What you have to do:
The records below are to be restated word for word, with their images omitted.

Materials provided:
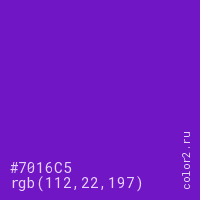 Цвет #7016C5 в цветовой модели RGB обозначается тремя октетами (112, 22, 197) в десятичном формате и #7016C5 в шестнадцатиричном (hex) формате, которые являются интенсивностью красного 112 (hex 70), интенсивность зелёного 22 (hex 16) и интенсивность синего 197 (hex C5).
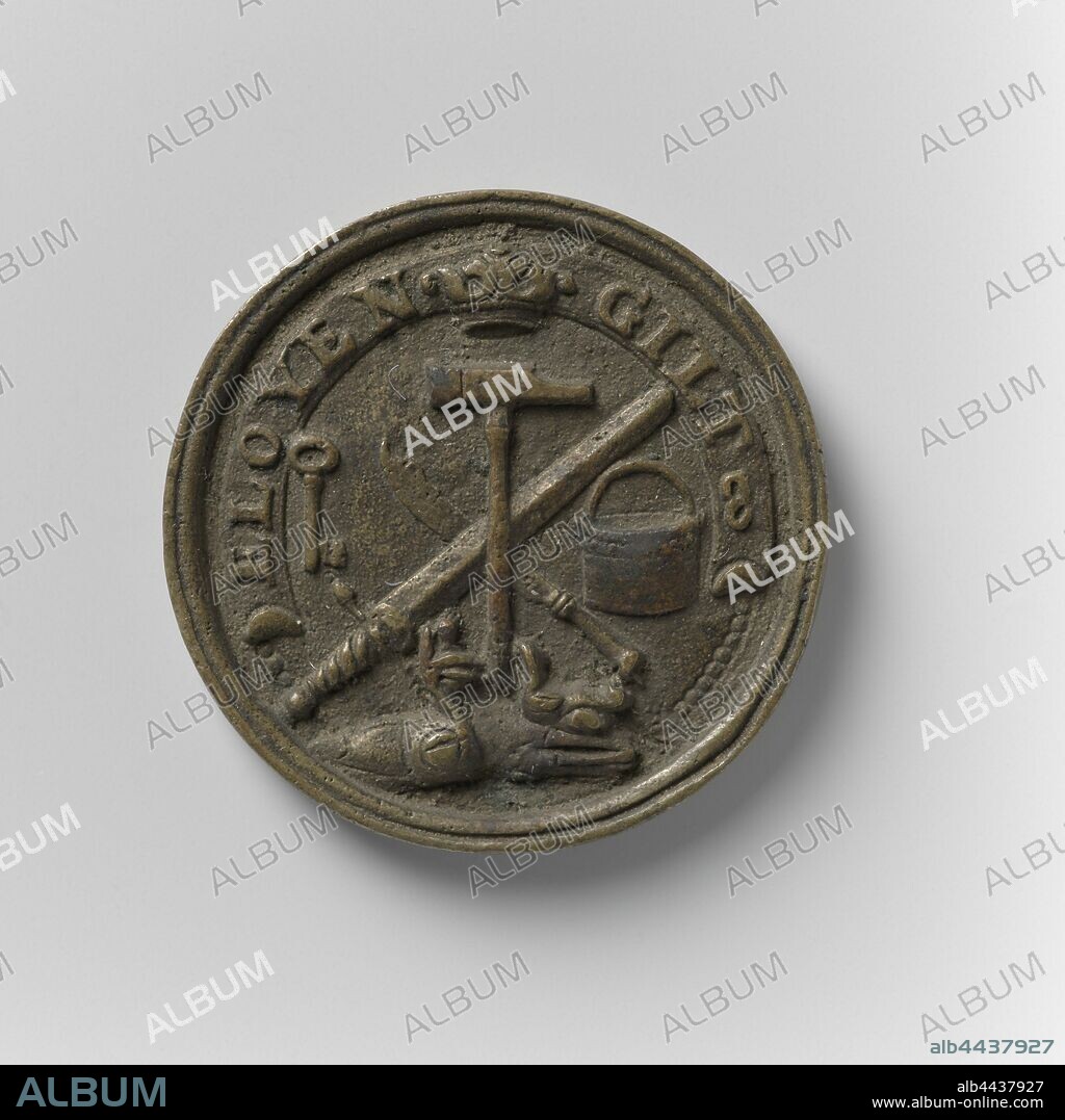 Blacksmith's Guild of Amsterdam, Guild Medal of Karel Blom, Brass Medal. Front: crowned coat of arms, flanked by two lions above cartouche with inscription. Reverse: cross consisting of crowned hammer, sword and knife, left: key, right: bucket, below: rifle lock inside a wrap on pennant, Amsterdam, Karel Blom, anonymous, 1774, brass (alloy), engraving, d 3.7 cm × w 25.54 gr
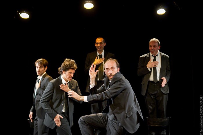" D'apparence " bien sous tous rapports ", dans leur sage et sombre costume cravate de courtier en assurances, les cinq messieurs de ce joyeux quintette a cappella parisien ont à l'évidence le goût du débordement, du loufoque et de la folie douce...Des voix puissantes, aériennes. Des voix glissant parfois en ondes fuyantes et envoûtantes à la manière des polyphonies albanaises, évoquant tantôt un matra indien, ailleurs des sons sardes, le gospel ou le kan ha diskan ( chant à danser) breton. Ils chuchotent également, et puis halètent, vocifèrent.... et même aboient ! "
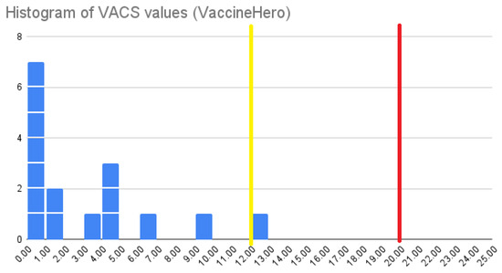 In total, 16 young patients aged 4–12 years old, with a mean age of 8.28 years, ranging from 3 years, 3 months, and 8 days old to 12 years, 9 months, and 22 days old, were vaccinated using the VaccineHero application in the period between 6 June and 4 July 2023. Of these children, 81.25% were boys and 18.75% were girls. All of them had completed the Greek-recommended vaccination schedule without any side effects or negative experiences in the past. The vaccination process took place in Greece. The VACS values were recorded for the children’s experiences, and a histogram of these values is presented in Figure 10. These parameters are similar to those of the cohort reported in [6], making the findings of the two studies directly comparable.
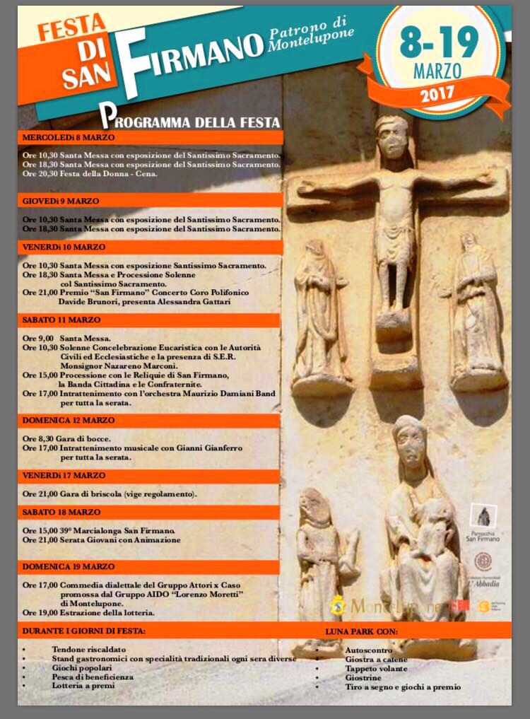 L’edizione 2017 della tradizionale e antica Festa di San Firmano, patrono di Montelupone, offre dall’8 al 19 marzo un programma ricco e variegato, sia sul versante religioso che su quello civile. A San Firmano ci sono le origini ultramillenarie del borgo: la popolazione tutta sente quel luogo, sede dell’Abbazia che ha il sapore e il fascino inconfondibili della Storia e dell’antica religiosità che trasudano dal manufatto, come propria radice.
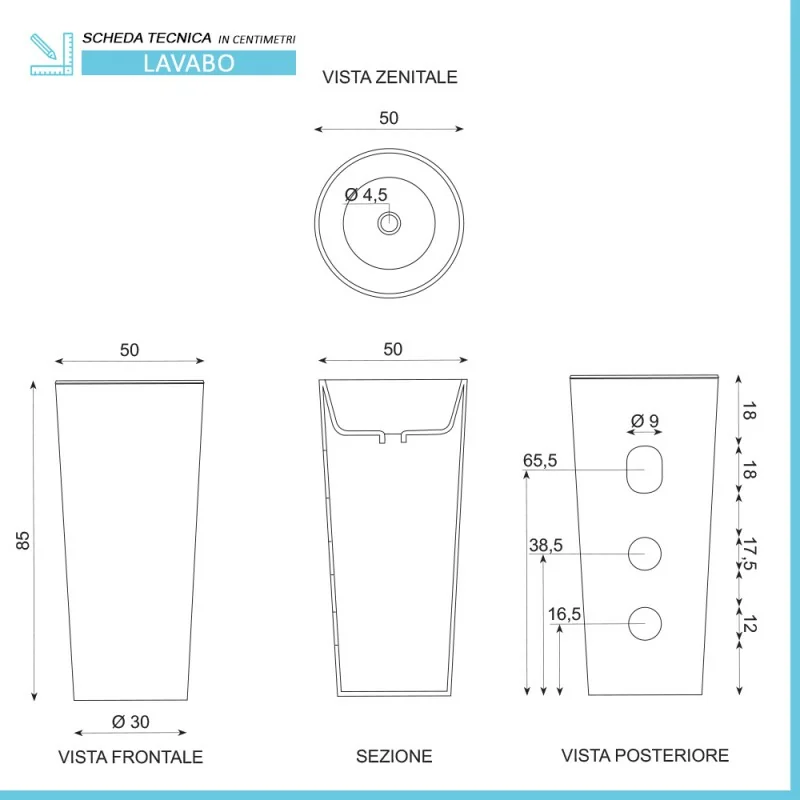 • Dimensioni:L 50 x P 50 x H 85 cm;
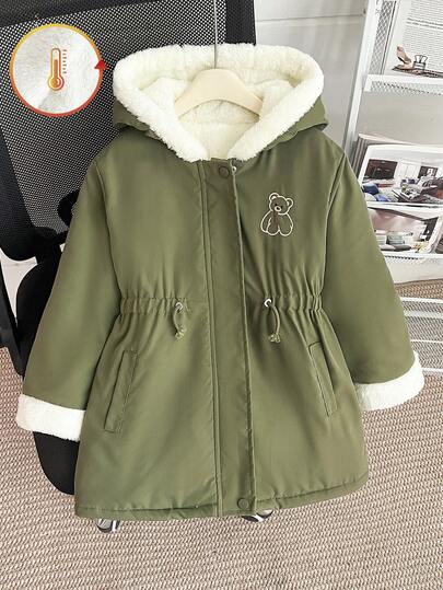 Young Girl' Winter Thermal Lined Hooded Sweatshirt With Cartoon Bear Embroidery, Waist Drawstring, Slim Fit - Army Green - View 1
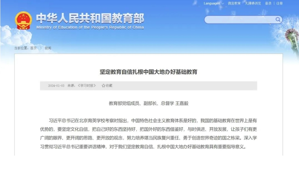 日前,《学习时报》刊发了教育部党组成员、副部长、总督学王嘉毅的文章《坚定教育自信 扎根中国大地办好基础教育》。文章指出,要充分认识我国基础教育在世界上的优势,其中包括应用信息技术,赋能基础教育高质量发展——我国始终把信息技术摆在教育现代化的战略地位,注重发挥信息技术对基础教育的引领、支撑和推动作用,将信息化与基础教育改革发展一同谋划、一同部署、一同推进,信息化基本建设实现全面覆盖,大规模应用模式取
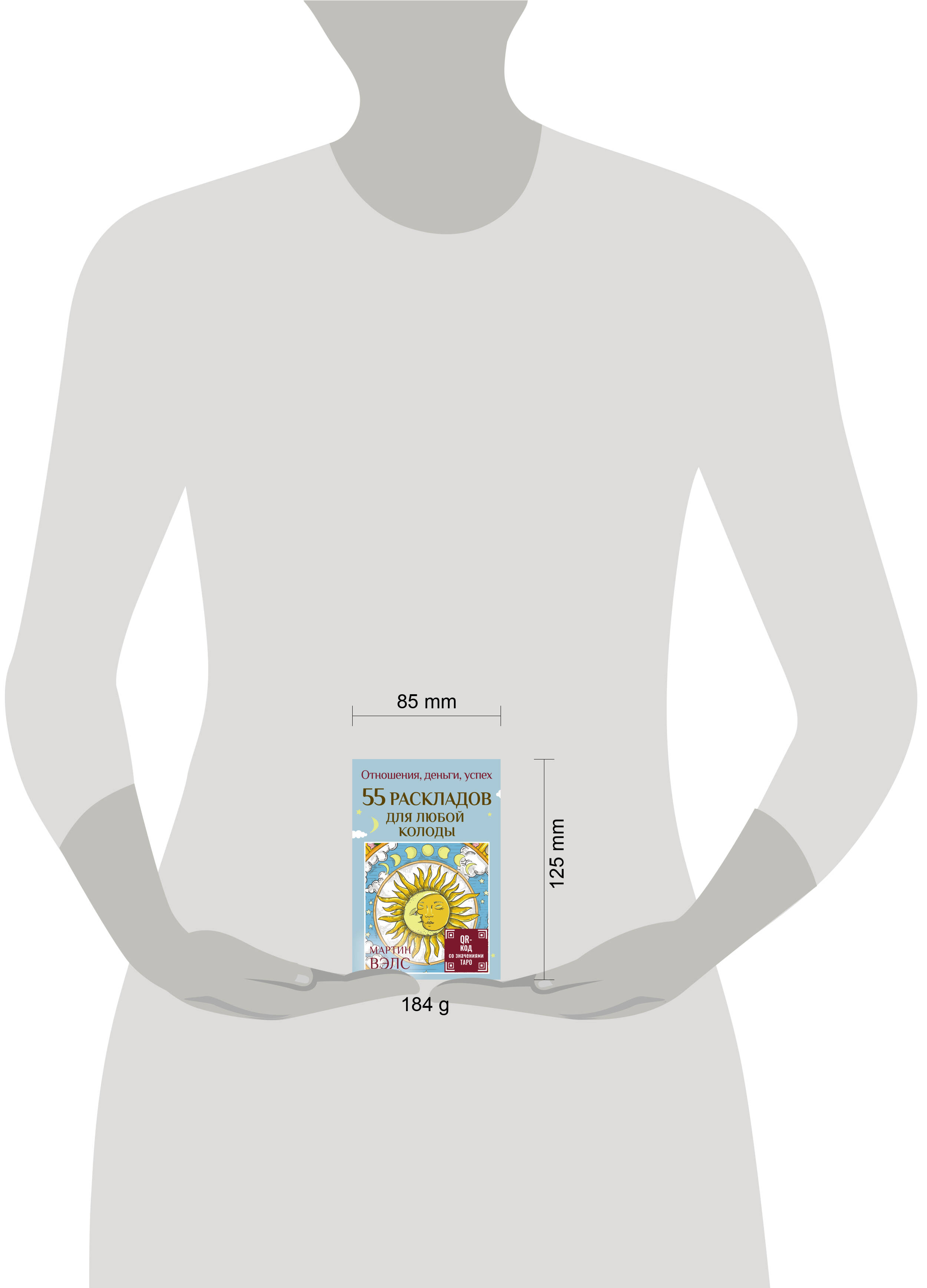 В ваших руках уникальная колода с раскладами! Отличный вариант для тех, что хочет обучиться Таро и продолжить с ним работать. Каждый расклад расположен на отдельной карте, всего их 55. На одной стороне - схема расклада, а на другой - его расшифровка. Смотреть расклады в книгах неудобно, потому что приходится одной рукой удерживать страницы, а другой доставать карты. Самая главная особенность этой колоды - простота использования. Работать с ней очень легко: выбираете любую карту с раскладом (или даете Вселенной выбрать за вас), кладете ее перед собой и раскладываете Арканы по схеме. Тематика раскладов абсолютно разная: любовь, финансы, работа, успех. Есть простые схемы для быстрого ответа и более сложные для глубоких вопросов. По своему применению колода достаточно универсальная: расклады можно использовать также с МАК и Оракулами. Колода подходит как для начинающих, которые только ступили на путь изучения Таро, так и для профессионалов, которые хотят освежить свои знания раскладов и узнать что-то новое. В комплект входит карта с QR-кодом, который ведет на руководство с подробными значениями Старших и Младших Арканов.| Издательство | Издательство "АСТ" |
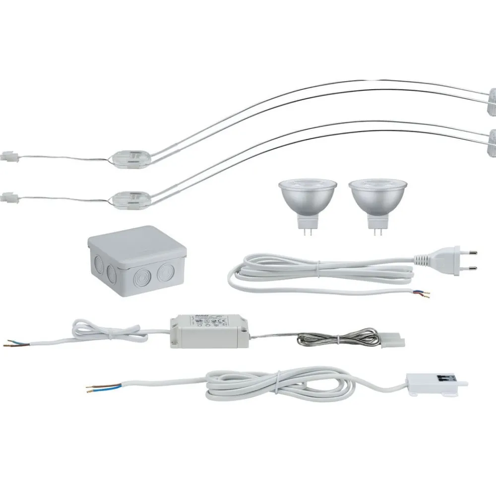 – Monterings- og forbindelsesmateriale, transformer, manuel afbryder, sensorkontakt og to GU5.3 LED-lamper er inkluderet
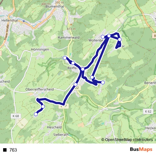 The first stop of the 763 bus route is Hellenthal Reifferscheid Grundschule and the last stop is Hellenthal Hahnenberg. 763 is operational during an Werktagen.
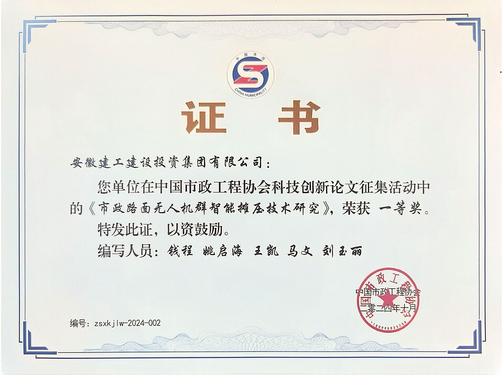 由建工建投集團主申報的濱湖科學城花園大道(徽州大道-包河大道)建設工程,包公大道(護城路-龍興大道)道路工程2個項目榮獲2024年度市政工程最高質量水平評價,建工建投集團創新成果《市政路面無人機群智能攤壓技術研究》在中國市政工程協會科技創新論文征集活動中榮獲一等獎。
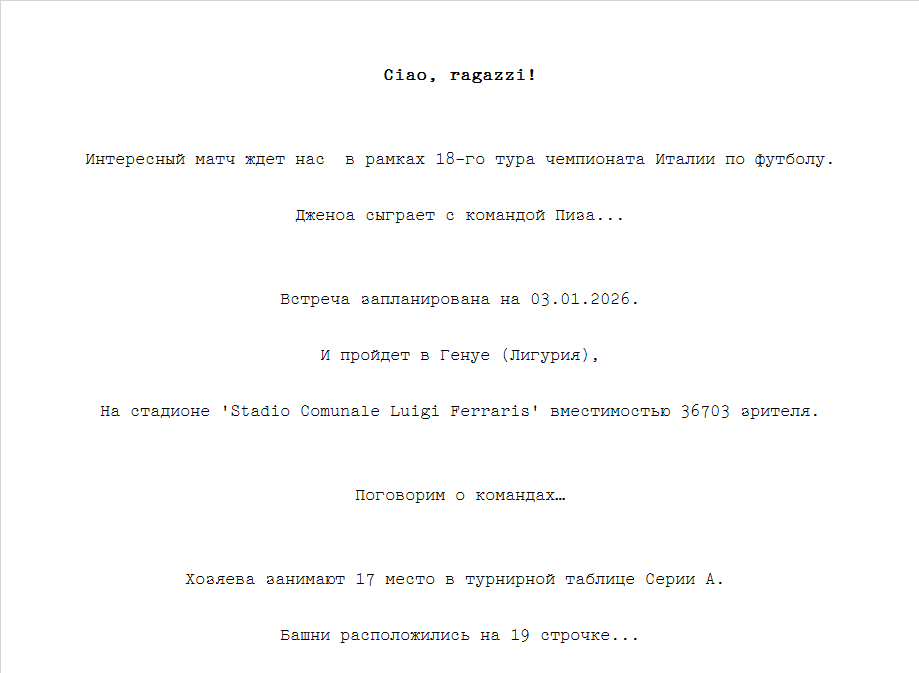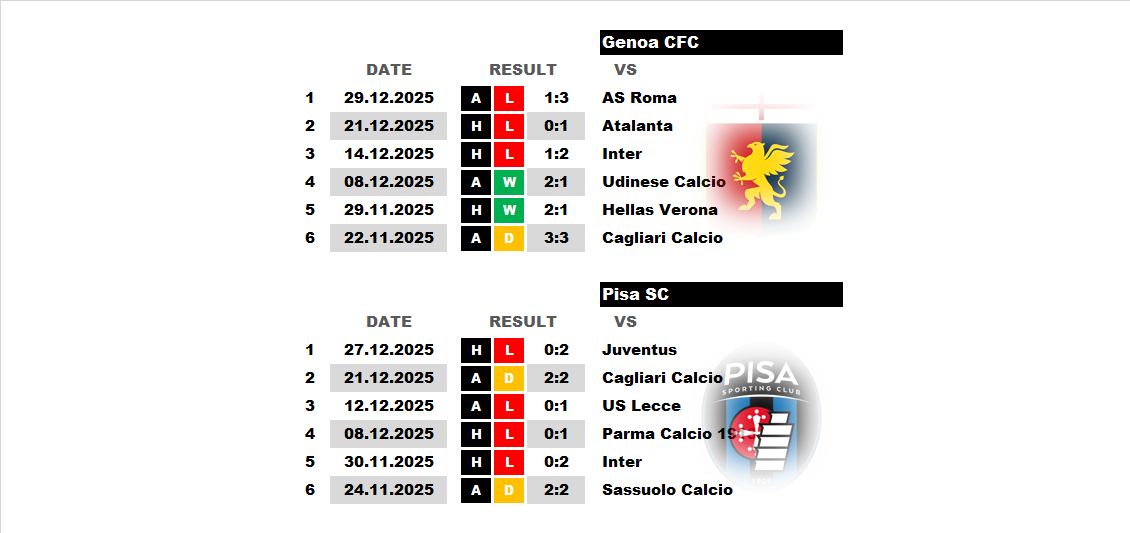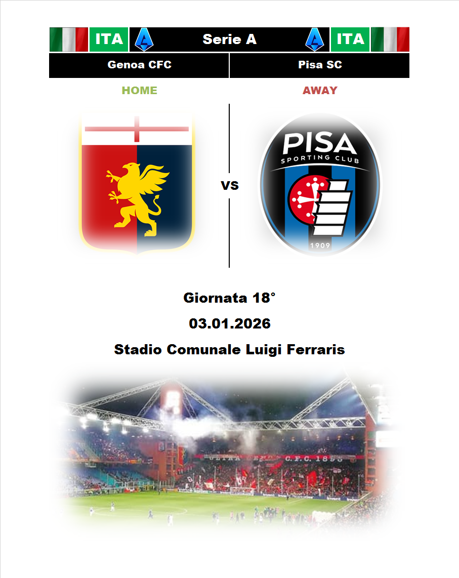 BetTop-5 опубликовано 01.01.2026 13:38 Genoa - Pisa 17:00 03.01.2026 Football Italy. Serie A. Genoa Serie A Italy Pisa 0 4

Solved exercise:
 Цвет #7016C5 в цветовой модели RGB обозначается тремя октетами (112, 22, 197) в десятичном формате и #7016C5 в шестнадцатиричном (hex) формате, которые являются интенсивностью красного 112 (hex 70), интенсивность зелёного 22 (hex 16) и интенсивность синего 197 (hex C5).
 Blacksmith's Guild of Amsterdam, Guild Medal of Karel Blom, Brass Medal. Front: crowned coat of arms, flanked by two lions above cartouche with inscription. Reverse: cross consisting of crowned hammer, sword and knife, left: key, right: bucket, below: rifle lock inside a wrap on pennant, Amsterdam, Karel Blom, anonymous, 1774, brass (alloy), engraving, d 3.7 cm × w 25.54 gr
" D'apparence " bien sous tous rapports ", dans leur sage et sombre costume cravate de courtier en assurances, les cinq messieurs de ce joyeux quintette a cappella parisien ont à l'évidence le goût du débordement, du loufoque et de la folie douce...Des voix puissantes, aériennes. Des voix glissant parfois en ondes fuyantes et envoûtantes à la manière des polyphonies albanaises, évoquant tantôt un matra indien, ailleurs des sons sardes, le gospel ou le kan ha diskan ( chant à danser) breton. Ils chuchotent également, et puis halètent, vocifèrent.... et même aboient ! "
 In total, 16 young patients aged 4–12 years old, with a mean age of 8.28 years, ranging from 3 years, 3 months, and 8 days old to 12 years, 9 months, and 22 days old, were vaccinated using the VaccineHero application in the period between 6 June and 4 July 2023. Of these children, 81.25% were boys and 18.75% were girls. All of them had completed the Greek-recommended vaccination schedule without any side effects or negative experiences in the past. The vaccination process took place in Greece. The VACS values were recorded for the children’s experiences, and a histogram of these values is presented in Figure 10. These parameters are similar to those of the cohort reported in [6], making the findings of the two studies directly comparable.
 L’edizione 2017 della tradizionale e antica Festa di San Firmano, patrono di Montelupone, offre dall’8 al 19 marzo un programma ricco e variegato, sia sul versante religioso che su quello civile. A San Firmano ci sono le origini ultramillenarie del borgo: la popolazione tutta sente quel luogo, sede dell’Abbazia che ha il sapore e il fascino inconfondibili della Storia e dell’antica religiosità che trasudano dal manufatto, come propria radice.
 • Dimensioni:L 50 x P 50 x H 85 cm;
 Young Girl' Winter Thermal Lined Hooded Sweatshirt With Cartoon Bear Embroidery, Waist Drawstring, Slim Fit - Army Green - View 1
 日前,《学习时报》刊发了教育部党组成员、副部长、总督学王嘉毅的文章《坚定教育自信 扎根中国大地办好基础教育》。文章指出,要充分认识我国基础教育在世界上的优势,其中包括应用信息技术,赋能基础教育高质量发展——我国始终把信息技术摆在教育现代化的战略地位,注重发挥信息技术对基础教育的引领、支撑和推动作用,将信息化与基础教育改革发展一同谋划、一同部署、一同推进,信息化基本建设实现全面覆盖,大规模应用模式取
 В ваших руках уникальная колода с раскладами! Отличный вариант для тех, что хочет обучиться Таро и продолжить с ним работать. Каждый расклад расположен на отдельной карте, всего их 55. На одной стороне - схема расклада, а на другой - его расшифровка. Смотреть расклады в книгах неудобно, потому что приходится одной рукой удерживать страницы, а другой доставать карты. Самая главная особенность этой колоды - простота использования. Работать с ней очень легко: выбираете любую карту с раскладом (или даете Вселенной выбрать за вас), кладете ее перед собой и раскладываете Арканы по схеме. Тематика раскладов абсолютно разная: любовь, финансы, работа, успех. Есть простые схемы для быстрого ответа и более сложные для глубоких вопросов. По своему применению колода достаточно универсальная: расклады можно использовать также с МАК и Оракулами. Колода подходит как для начинающих, которые только ступили на путь изучения Таро, так и для профессионалов, которые хотят освежить свои знания раскладов и узнать что-то новое. В комплект входит карта с QR-кодом, который ведет на руководство с подробными значениями Старших и Младших Арканов.| Издательство | Издательство "АСТ" |
 – Monterings- og forbindelsesmateriale, transformer, manuel afbryder, sensorkontakt og to GU5.3 LED-lamper er inkluderet
 The first stop of the 763 bus route is Hellenthal Reifferscheid Grundschule and the last stop is Hellenthal Hahnenberg. 763 is operational during an Werktagen.
 由建工建投集團主申報的濱湖科學城花園大道(徽州大道-包河大道)建設工程,包公大道(護城路-龍興大道)道路工程2個項目榮獲2024年度市政工程最高質量水平評價,建工建投集團創新成果《市政路面無人機群智能攤壓技術研究》在中國市政工程協會科技創新論文征集活動中榮獲一等獎。
 BetTop-5 опубликовано 01.01.2026 13:38 Genoa - Pisa 17:00 03.01.2026 Football Italy. Serie A. Genoa Serie A Italy Pisa 0 4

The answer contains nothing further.